The breach period occurred between January and March 2017, meaning it has not attracted a GDPR fine. However, a large fine was levied because Bupa were found to have failed to take enough action to protect their customers’ data.
It has also transpired that customer data was vulnerable at the time of the initial data breach. This stemmed from a lack of monitoring of their customer relationship management system, known as SWAN.
The Bupa data breach was committed by an employee who has since been sacked and has had a warrant for his arrest issued by Sussex police.
The employee was able to bulk download a wealth of sensitive data about Bupa customers. This data was then sent to a personal address, where the employee then tried to sell it on the dark web.
Investigations by the ICO (Information Commissioner’s Office) found that Bupa was unaware of defects with their SWAN software that allowed such activity to take place. They were punished for failing to monitor data coming out of the system as well.
When you consider that this was a huge amount of data, it’s concerning that this transfer of data was not identified and stopped. When it’s an organisation who holds a lot of sensitive medical data, the breach is even more worrisome.
This kind of lack of care for data is what can lead to a data breach compensation claim.
Sensitive and personal information was exposed in the Bupa data breach. This included:
It was not until June 2017 that Bupa were alerted to the breach. A partner found the attempted sale of the data and raised the alarm.

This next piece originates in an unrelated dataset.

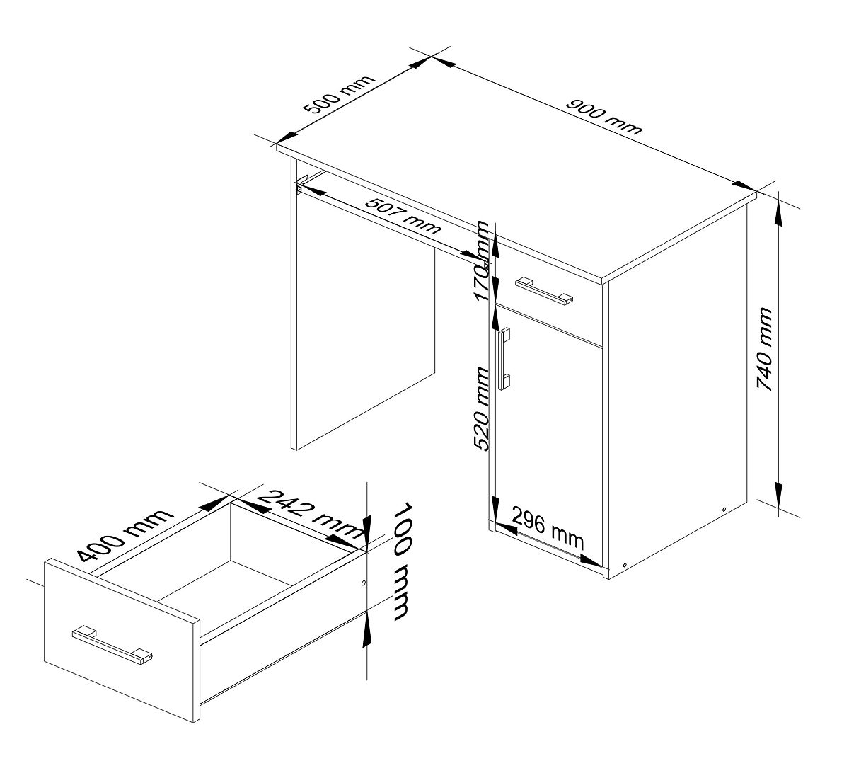 - Les tiroirs et l'étagère pour le clavier se déplacent sur des glissières à rouleaux métalliques

198 complaints were made as a result of the breach.
Speaking about the Bupa data breach, Steve Eckersley of the ICO said:
“Bupa failed to recognise that people’s personal data was at risk and failed to take reasonable steps to secure it. Our investigation found material inadequacies in the way Bupa safeguarded personal data.
The inadequacies were systemic and appear to have gone unchecked for a long time. On top of that, the ICO’s investigation found no satisfactory explanation for them.”